(Stored records)
-*-

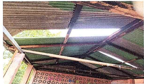
Foto 4: En esta fotografia se aprecia que algunas láminas ya no estan por el aire.
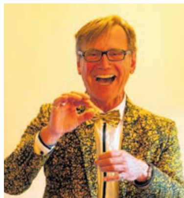
Lachen is écht gezond.

grappen gelachen. Er wordt zonder reden gelachen. Omdat lachen gezond is, goed tegen stress. En vooral, van lachen blijf je positief. In deze presentatie vertelt hij waarom hij dat is gaan doen, waarom lachen gezond is. En er zullen ook enkele oefeningen gedaan worden om kennis te maken met zijn werkwijze. Kom je ook lachen? 22 mei in Bibliotheek IJmuiden van 11.00 - 12.00 uur. De toegang is gratis.
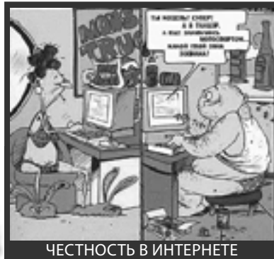
ЧЕСТНОСТЬ В ИНТЕРНЕТЕ
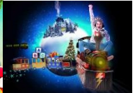
Toms Magische Speelgoedwinkel
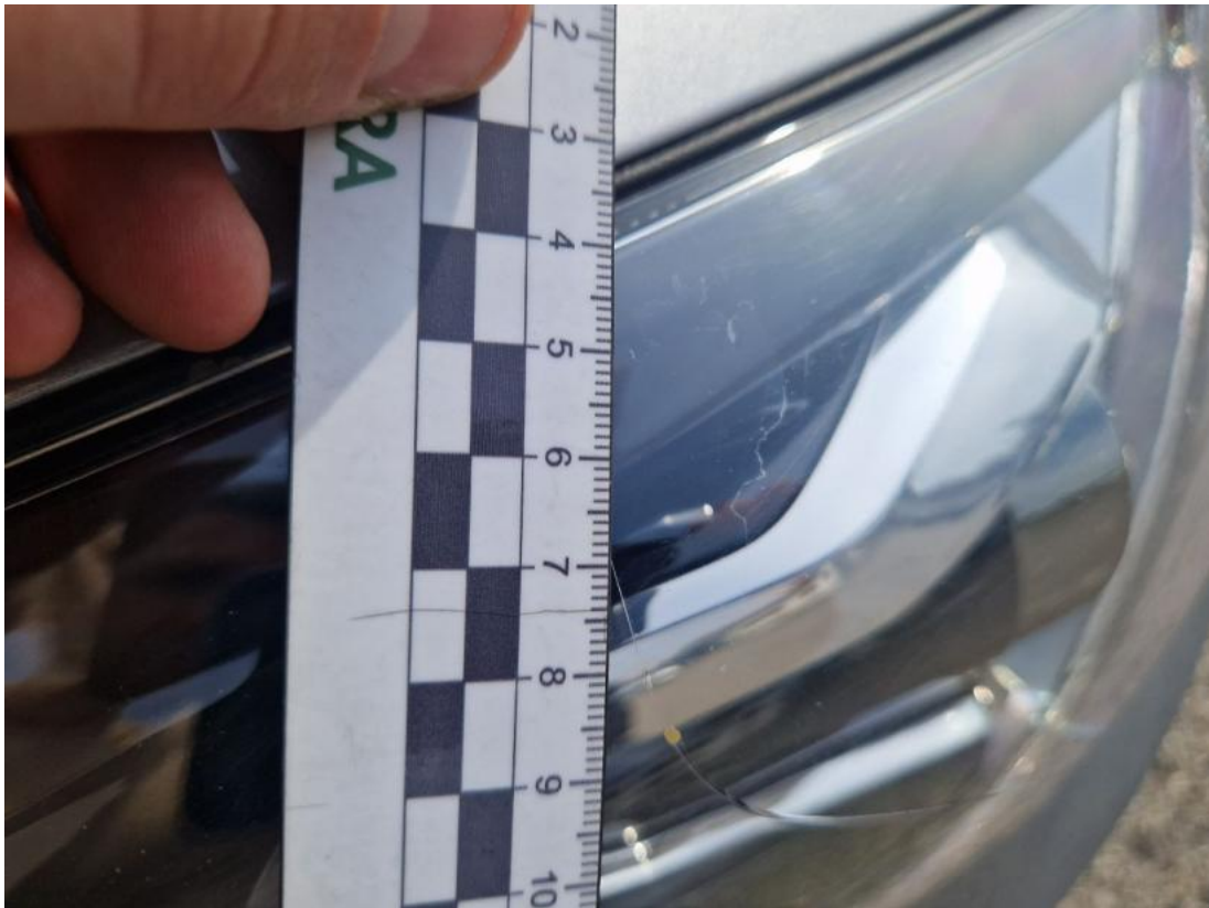
Fot. 45 Reflektor P - Inne 1
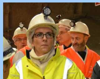
Visite de Delphine Batho, ministre de l'écologie, du développement durable et de l'énergie au Laboratoire souterrain de Bure-Saudron le 04/02/2013
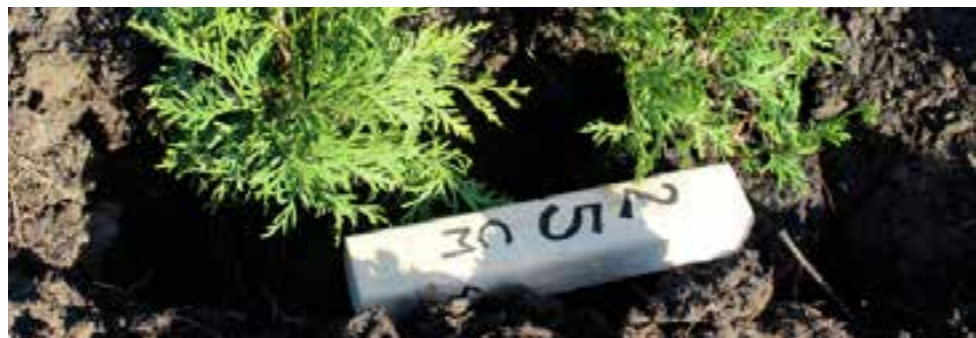
Räv = Måttstock/ träbit som kapats i rätt längd som mall.

22,5 meter / dividerat med antal beställda och levererade plantor MINUS 1 st Planta dvs 59 st = Minusplantan går bort som start. Så 22,5/59 = 0,38 cm. Plantera nu Första plantans stam exakt där häcken skall börja, såga sedan till en sk "räv" (träbit) på 38 cm som använder som måttstock. Använd sedan denna Räv för att få exakt samma avstånd mellan plantorna, och ni kommer då få exakt samma mellanrum mellan plantorna, de kommer även att räkka hela vägen precis till slutet.

-*-

Copy out every line of the data where the word "gezond" occurs.

EXERCISE RESPONSE:
Lachen is écht gezond.
grappen gelachen. Er wordt zonder reden gelachen. Omdat lachen gezond is, goed tegen stress. En vooral, van lachen blijf je positief. In deze presentatie vertelt hij waarom hij dat is gaan doen, waarom lachen gezond is. En er zullen ook enkele oefeningen gedaan worden om kennis te maken met zijn werkwijze. Kom je ook lachen? 22 mei in Bibliotheek IJmuiden van 11.00 - 12.00 uur. De toegang is gratis.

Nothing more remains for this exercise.